Нервы бедной женщины настолько были разбиты болезнью, что у нее не хватало сил для борьбы, хотя она и чувствовала, что к ее девочке относятся не совсем справедливо. Кроме того, она боялась свекрови, никогда не относившейся к ней особенно ласково.
– Я, маменька, совершенно с вами согласен, – заговорил Сергей Григорьевич. – Надо что-нибудь предпринять. Я уже об институте подумываю.
– Ну, батюшка, не охотница я до этих институтов. Вот у Марии Семеновны девочка из института приехала, так мать совсем в щель загнала… И то не так, и это не по-модному. Это не прежняя пора, как при покойном Николае Павловиче. У него, батюшка, и институтки по струнке ходили, а теперь во всем везде поблажка дана.
Разговор перешел на другую тему, и мать с сыном увлеклись похвалами доброму старому времени, со смутной боязнью чего-то непонятного и нового, надвигавшегося со всех сторон.
А Женю тем временем отвели в большой чулан, находившийся рядом с кладовой. В чулане было маленькое окошечко, в которое и днем-то еле пробивался свет, а теперь, в сумерки, оно только смутно виднелось в углу. Стояли громадные сундуки и лари. В углу были свалены бесчисленные подушки и перины, а по стенам развешана парадная сбруя и ливреи кучеров и лакеев.
Пахло пылью, кожей и крысами. Девочка вошла в чулан, робко озираясь по сторонам. Нянька и сопровождавшая их с ключами угрюмая старуха экономка ахали и упрекали Женю в непокорности и гордости.
– Я ей говорю: припади к бабушке, целуй ручку, проси прощения, а она стоит как статуя.
– Ай, нехорошо, сударыня. Барышне так поступать не пристало!
– Не убыло бы тебя, небось… А теперь посиди-ка здесь голодная!
– Губа толще, брюхо тоньше, недаром пословица сказывается. На-ко, вот теперь и сиди здесь, а мы пойдем… Запереть чулан-то, что ли, Максимовна?
– Зачем? Она не уйдет. На что другое, а на это она послухмяная.
– Так-то так, а не люблю я, как замка-то нет.
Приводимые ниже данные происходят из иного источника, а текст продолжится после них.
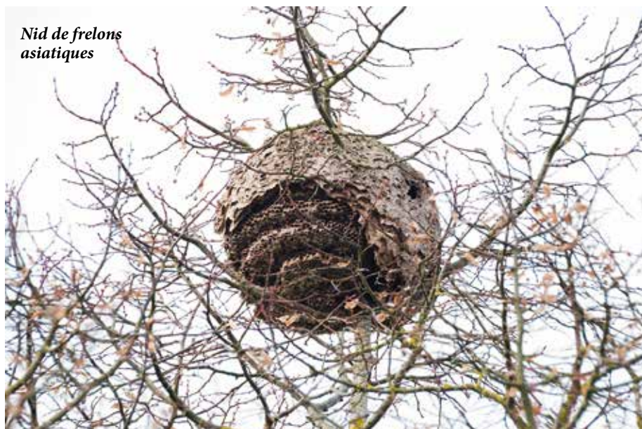
Nid de frelons asiatiques

Face à la multiplication des frelons asiatiques sur le territoire, la mairie d'Ermont accorde une aide aux particuliers pour participer au financement de la destruction des nids.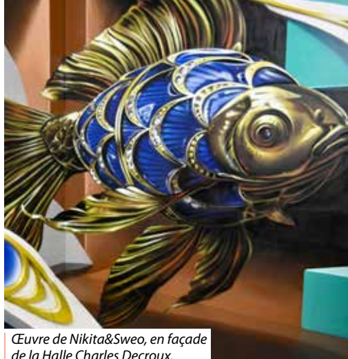
Œuvre de Nikita&Sweo, en façade de la Halle Charles Decroux.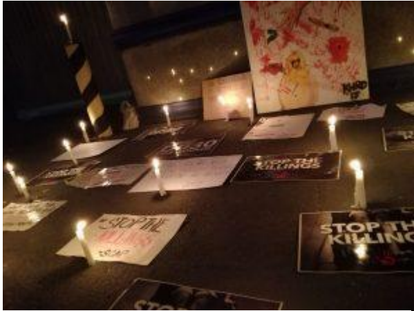
Kerzen als Zeichen der Trauer und des Protests

Aber bis zu diesem Zeitpunkt wurde keine einzige Person für einen der Morde juristisch verantwortlich gemacht – nicht einmal für die zehntausenden Toten (obwohl vor kurzem es eine Entscheidung eines Gerichts in Manila gab, die den Bericht eines Polizeieinsatzes ablehnte, die als bescheidener Präzedenzfall diene). Der „Drogenkrieg“ wird als „Krieg“ gegen die Ärmsten der Armen bezeichnet; eine Kampagne zur „sozialen Säuberung,“ die nur diejenigen an den sozialen Rändern verfolgt.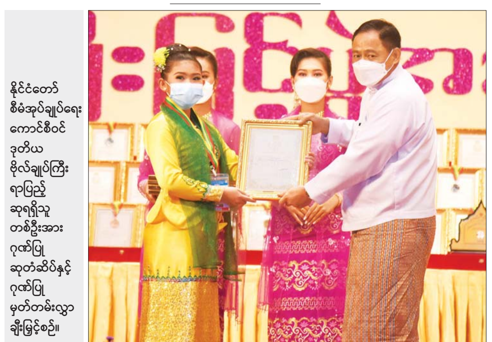
နိုင်ငံတော် စီမံအုပ်ချုပ်ရေး ကောင်စီဝင် ဒုတိယ ဗိုလ်ချုပ်ကြီး ရာပြည့် ဆုရရှိသူ တစ်ဦးအား ဂုဏ်ပြု ဆုတံဆိပ်နှင့် ဂုဏ်ပြု မှတ်တမ်းလွှာ ချီးမြှင့်စဉ်။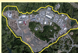
いわき四倉中核工業団地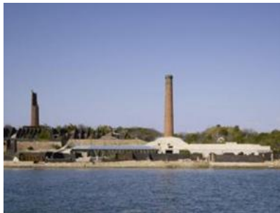
犬島精錬所美術館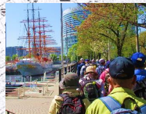
日本丸メモリアルパーク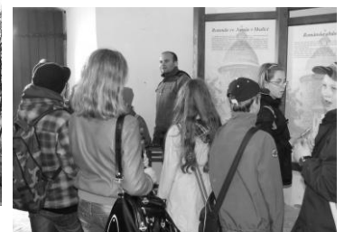
Pred a v Rotunde sv. Juraja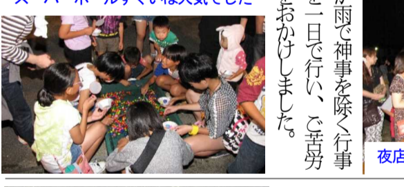
たくさんの子どもたちが集まり賑わう映画会でした

対戦が進むにつれ、迫力も増し「ガンバレ」「押し押し」「○○ちゃん負けな」等々の声援、激励があり、勝負が決まることに大きな歓声と拍手が起っていました。

Крыс у нас много, с двумя-то руками которые.
– А что здесь взять-то, не кладовая, ничего не укусишь, – возразила нянька и, обращаясь к Жене, прибавила: – Ну, сиди здесь, ужо я тебе подушки изла́жу… Темно, а зато мягко. Ишь, все пуховые, – сказала она, стараясь из подушек устроить подобие дивана.
Затем обе старухи ушли. Уходя, нянька шепнула, пользуясь тем, что экономка вышла вперед:
– Ты не бойся, я ужо забегу; при этой-то ябеде только говорить нельзя, все бабиньке перескажет; а я зайду, проведаю…
Дверь затворилась, и Женя осталась одна.